[Data for review]:
****************************************

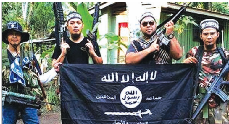
Abu Sayyaf militants show ISIS flag.
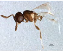
[Lateral] Telenomus BIN URI: BOLD:ABW3189
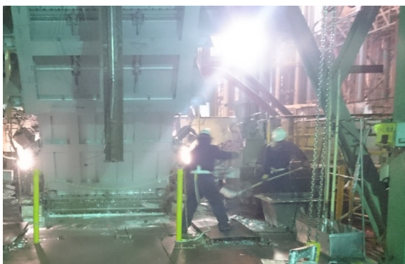
Figure 1: manual operation
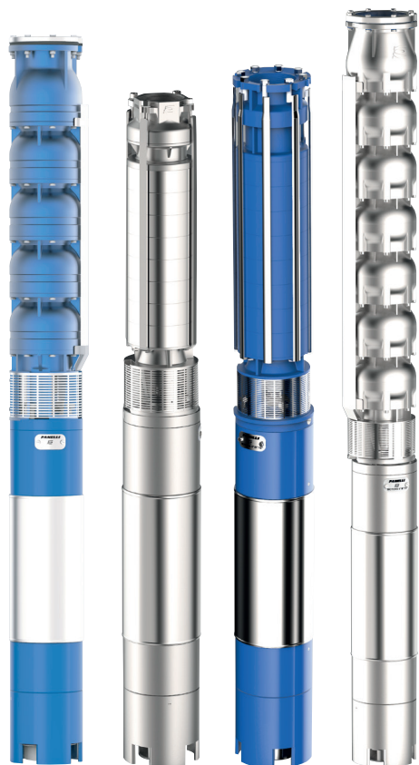
180 REC 180 RX 180 R 180 SX
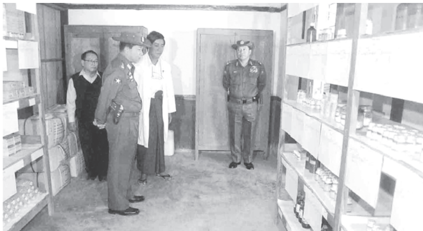
Lt-Gen Min Aung Hlaing inspects Mongshu People's Hospital.
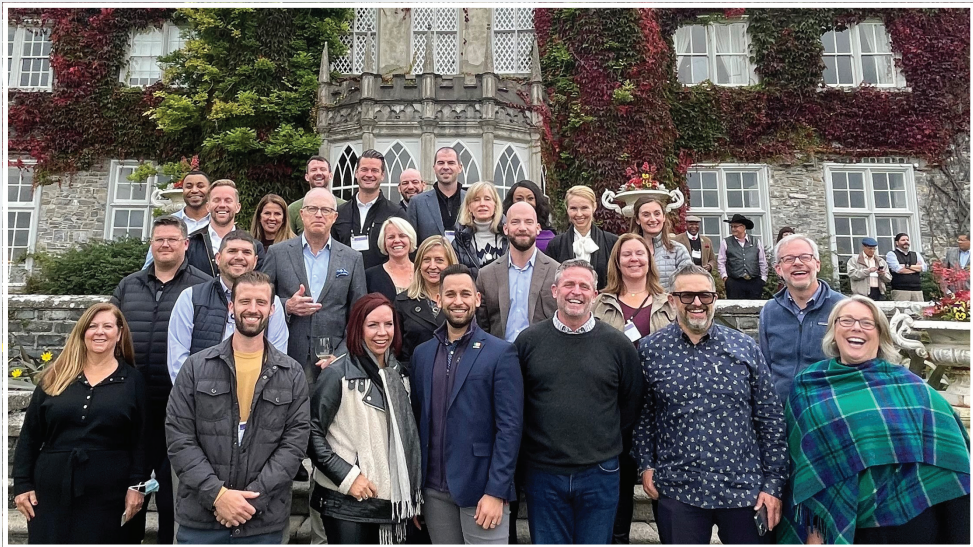
NCSL Foundation sponsors visiting a castle in Dublin, Ireland, at the NCSL Legislative Leaders Symposium, Oct. 2021.
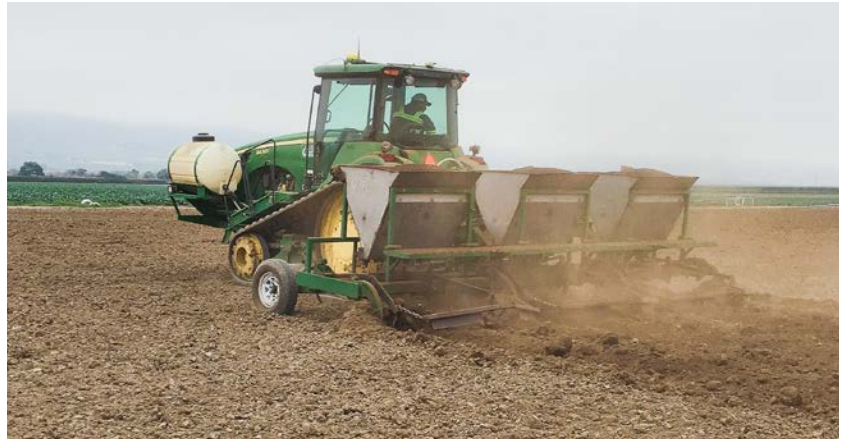
Tractor applying fertilizer.
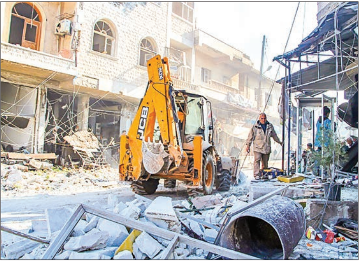
An excavator clears rubble following a reported air strike in the Syrian town of Saraqib in Idlib province on Saturday.

“Nowhere is safe. If we stay inside our homes, or if we flee outside, we will die either way,” said Abu Akram. Damascus loyalists have since Thursday been locked in battles with jihadists and allied rebels, seizing a total of 25 towns and villages from their control, according to the Observatory.—AFP ■
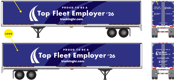
2 SIDES & REAR
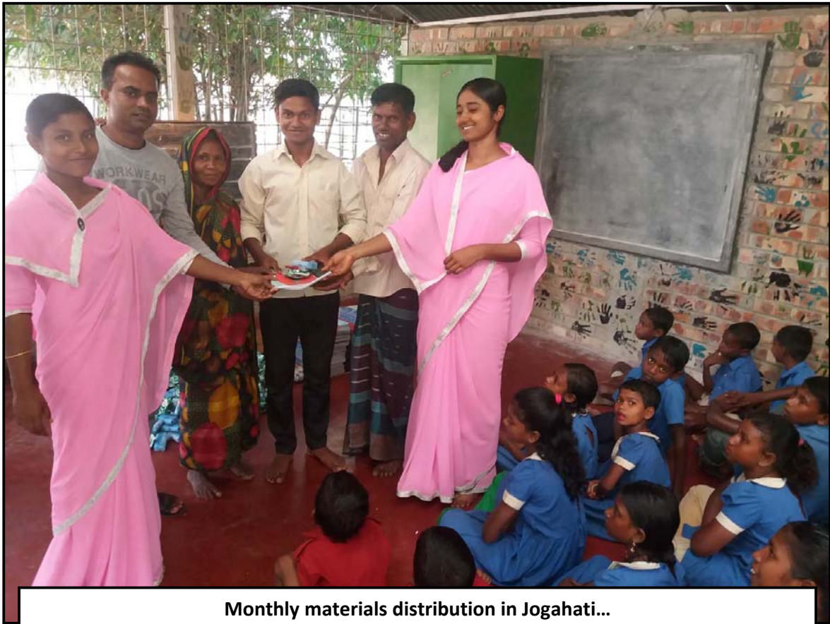
Monthly materials distribution in Jogahati...

****************************************

[Task directions]: Extract from the material above the stretch running from the line containing "Figure 1: manual operation" through the line containing "An excavator clears". Keep the text exact and the pictures out.

[Output below]:
Figure 1: manual operation
180 REC 180 RX 180 R 180 SX
Lt-Gen Min Aung Hlaing inspects Mongshu People's Hospital.
NCSL Foundation sponsors visiting a castle in Dublin, Ireland, at the NCSL Legislative Leaders Symposium, Oct. 2021.
Tractor applying fertilizer.
An excavator clears rubble following a reported air strike in the Syrian town of Saraqib in Idlib province on Saturday.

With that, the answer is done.